■ WHAT YOU WILL DO ■
Copy out the full listing below as it stands, with its pictures left behind.

■ DATA BELOW ■
○ ○ ○ ○ ○

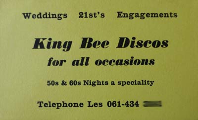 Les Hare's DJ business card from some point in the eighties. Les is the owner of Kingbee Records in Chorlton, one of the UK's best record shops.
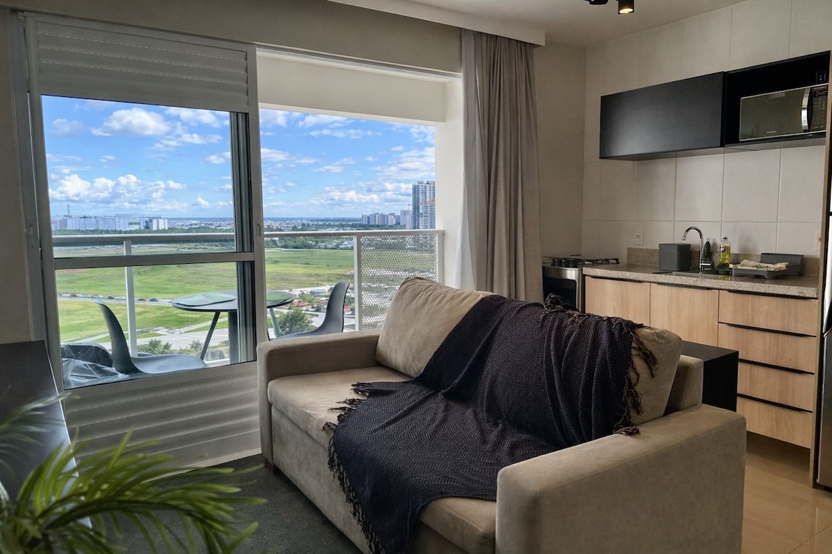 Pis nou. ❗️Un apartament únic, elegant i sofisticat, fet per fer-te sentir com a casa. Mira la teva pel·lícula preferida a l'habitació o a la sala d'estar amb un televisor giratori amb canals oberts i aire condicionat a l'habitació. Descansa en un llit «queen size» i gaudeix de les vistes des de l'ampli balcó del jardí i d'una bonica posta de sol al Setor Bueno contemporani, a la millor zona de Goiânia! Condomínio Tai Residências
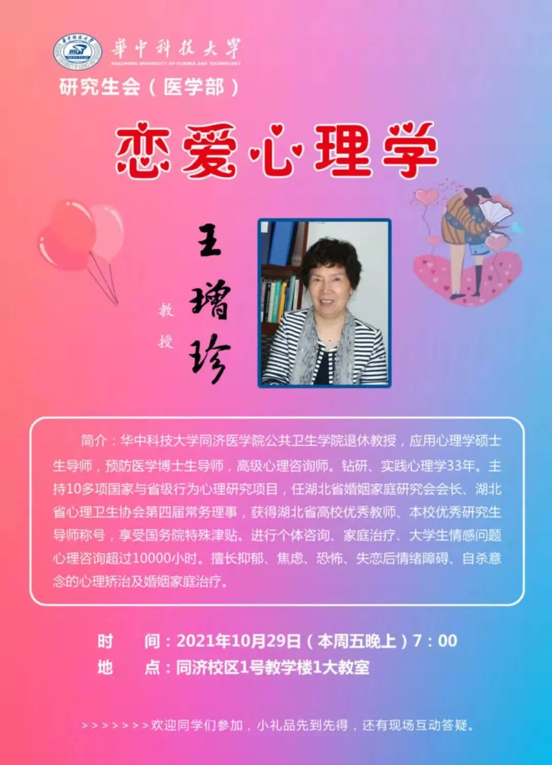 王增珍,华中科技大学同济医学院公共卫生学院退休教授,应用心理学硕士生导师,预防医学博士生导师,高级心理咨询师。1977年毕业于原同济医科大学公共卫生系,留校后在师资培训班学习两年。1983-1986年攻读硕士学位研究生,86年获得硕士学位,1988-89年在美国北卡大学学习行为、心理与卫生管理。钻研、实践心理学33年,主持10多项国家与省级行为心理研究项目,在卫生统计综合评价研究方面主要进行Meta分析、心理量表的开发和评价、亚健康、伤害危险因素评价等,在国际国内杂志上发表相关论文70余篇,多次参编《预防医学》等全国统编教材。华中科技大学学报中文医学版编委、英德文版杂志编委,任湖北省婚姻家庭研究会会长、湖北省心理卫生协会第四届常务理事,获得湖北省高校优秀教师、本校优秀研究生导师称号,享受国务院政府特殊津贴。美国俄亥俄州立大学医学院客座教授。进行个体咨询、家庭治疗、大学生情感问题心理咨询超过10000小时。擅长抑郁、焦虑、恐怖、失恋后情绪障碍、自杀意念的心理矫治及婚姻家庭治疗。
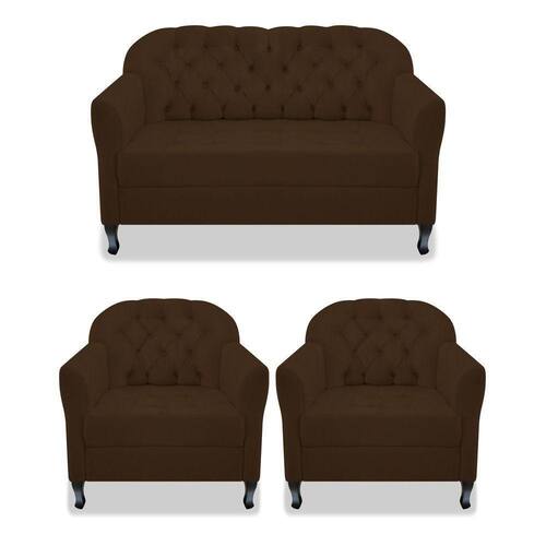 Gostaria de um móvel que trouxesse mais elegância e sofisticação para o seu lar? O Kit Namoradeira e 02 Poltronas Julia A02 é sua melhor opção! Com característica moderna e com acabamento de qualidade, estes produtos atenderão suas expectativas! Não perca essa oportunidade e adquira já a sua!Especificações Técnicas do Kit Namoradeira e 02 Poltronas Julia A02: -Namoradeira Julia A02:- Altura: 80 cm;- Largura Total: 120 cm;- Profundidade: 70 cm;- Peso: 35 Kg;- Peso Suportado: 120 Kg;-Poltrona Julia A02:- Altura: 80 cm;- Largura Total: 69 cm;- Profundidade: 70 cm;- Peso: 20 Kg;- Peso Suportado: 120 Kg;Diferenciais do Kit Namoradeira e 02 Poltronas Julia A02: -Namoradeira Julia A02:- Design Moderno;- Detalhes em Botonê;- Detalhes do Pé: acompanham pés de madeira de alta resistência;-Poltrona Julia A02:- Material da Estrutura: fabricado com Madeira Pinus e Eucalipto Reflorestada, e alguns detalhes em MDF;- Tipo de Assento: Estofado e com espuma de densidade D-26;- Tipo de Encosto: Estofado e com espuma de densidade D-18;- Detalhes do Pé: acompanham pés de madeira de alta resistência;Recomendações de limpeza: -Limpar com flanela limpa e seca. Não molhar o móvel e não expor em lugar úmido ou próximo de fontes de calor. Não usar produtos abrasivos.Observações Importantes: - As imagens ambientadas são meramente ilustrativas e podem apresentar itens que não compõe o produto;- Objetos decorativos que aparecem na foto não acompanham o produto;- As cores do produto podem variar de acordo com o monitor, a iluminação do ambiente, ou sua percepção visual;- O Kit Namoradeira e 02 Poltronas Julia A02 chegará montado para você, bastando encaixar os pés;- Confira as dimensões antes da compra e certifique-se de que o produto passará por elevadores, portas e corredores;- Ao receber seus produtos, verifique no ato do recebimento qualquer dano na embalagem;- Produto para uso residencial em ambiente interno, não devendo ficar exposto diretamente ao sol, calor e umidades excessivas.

○ ○ ○ ○ ○

■ FINISHED EXERCISE ■
 Les Hare's DJ business card from some point in the eighties. Les is the owner of Kingbee Records in Chorlton, one of the UK's best record shops.
 Pis nou. ❗️Un apartament únic, elegant i sofisticat, fet per fer-te sentir com a casa. Mira la teva pel·lícula preferida a l'habitació o a la sala d'estar amb un televisor giratori amb canals oberts i aire condicionat a l'habitació. Descansa en un llit «queen size» i gaudeix de les vistes des de l'ampli balcó del jardí i d'una bonica posta de sol al Setor Bueno contemporani, a la millor zona de Goiânia! Condomínio Tai Residências
 王增珍,华中科技大学同济医学院公共卫生学院退休教授,应用心理学硕士生导师,预防医学博士生导师,高级心理咨询师。1977年毕业于原同济医科大学公共卫生系,留校后在师资培训班学习两年。1983-1986年攻读硕士学位研究生,86年获得硕士学位,1988-89年在美国北卡大学学习行为、心理与卫生管理。钻研、实践心理学33年,主持10多项国家与省级行为心理研究项目,在卫生统计综合评价研究方面主要进行Meta分析、心理量表的开发和评价、亚健康、伤害危险因素评价等,在国际国内杂志上发表相关论文70余篇,多次参编《预防医学》等全国统编教材。华中科技大学学报中文医学版编委、英德文版杂志编委,任湖北省婚姻家庭研究会会长、湖北省心理卫生协会第四届常务理事,获得湖北省高校优秀教师、本校优秀研究生导师称号,享受国务院政府特殊津贴。美国俄亥俄州立大学医学院客座教授。进行个体咨询、家庭治疗、大学生情感问题心理咨询超过10000小时。擅长抑郁、焦虑、恐怖、失恋后情绪障碍、自杀意念的心理矫治及婚姻家庭治疗。
 Gostaria de um móvel que trouxesse mais elegância e sofisticação para o seu lar? O Kit Namoradeira e 02 Poltronas Julia A02 é sua melhor opção! Com característica moderna e com acabamento de qualidade, estes produtos atenderão suas expectativas! Não perca essa oportunidade e adquira já a sua!Especificações Técnicas do Kit Namoradeira e 02 Poltronas Julia A02: -Namoradeira Julia A02:- Altura: 80 cm;- Largura Total: 120 cm;- Profundidade: 70 cm;- Peso: 35 Kg;- Peso Suportado: 120 Kg;-Poltrona Julia A02:- Altura: 80 cm;- Largura Total: 69 cm;- Profundidade: 70 cm;- Peso: 20 Kg;- Peso Suportado: 120 Kg;Diferenciais do Kit Namoradeira e 02 Poltronas Julia A02: -Namoradeira Julia A02:- Design Moderno;- Detalhes em Botonê;- Detalhes do Pé: acompanham pés de madeira de alta resistência;-Poltrona Julia A02:- Material da Estrutura: fabricado com Madeira Pinus e Eucalipto Reflorestada, e alguns detalhes em MDF;- Tipo de Assento: Estofado e com espuma de densidade D-26;- Tipo de Encosto: Estofado e com espuma de densidade D-18;- Detalhes do Pé: acompanham pés de madeira de alta resistência;Recomendações de limpeza: -Limpar com flanela limpa e seca. Não molhar o móvel e não expor em lugar úmido ou próximo de fontes de calor. Não usar produtos abrasivos.Observações Importantes: - As imagens ambientadas são meramente ilustrativas e podem apresentar itens que não compõe o produto;- Objetos decorativos que aparecem na foto não acompanham o produto;- As cores do produto podem variar de acordo com o monitor, a iluminação do ambiente, ou sua percepção visual;- O Kit Namoradeira e 02 Poltronas Julia A02 chegará montado para você, bastando encaixar os pés;- Confira as dimensões antes da compra e certifique-se de que o produto passará por elevadores, portas e corredores;- Ao receber seus produtos, verifique no ato do recebimento qualquer dano na embalagem;- Produto para uso residencial em ambiente interno, não devendo ficar exposto diretamente ao sol, calor e umidades excessivas.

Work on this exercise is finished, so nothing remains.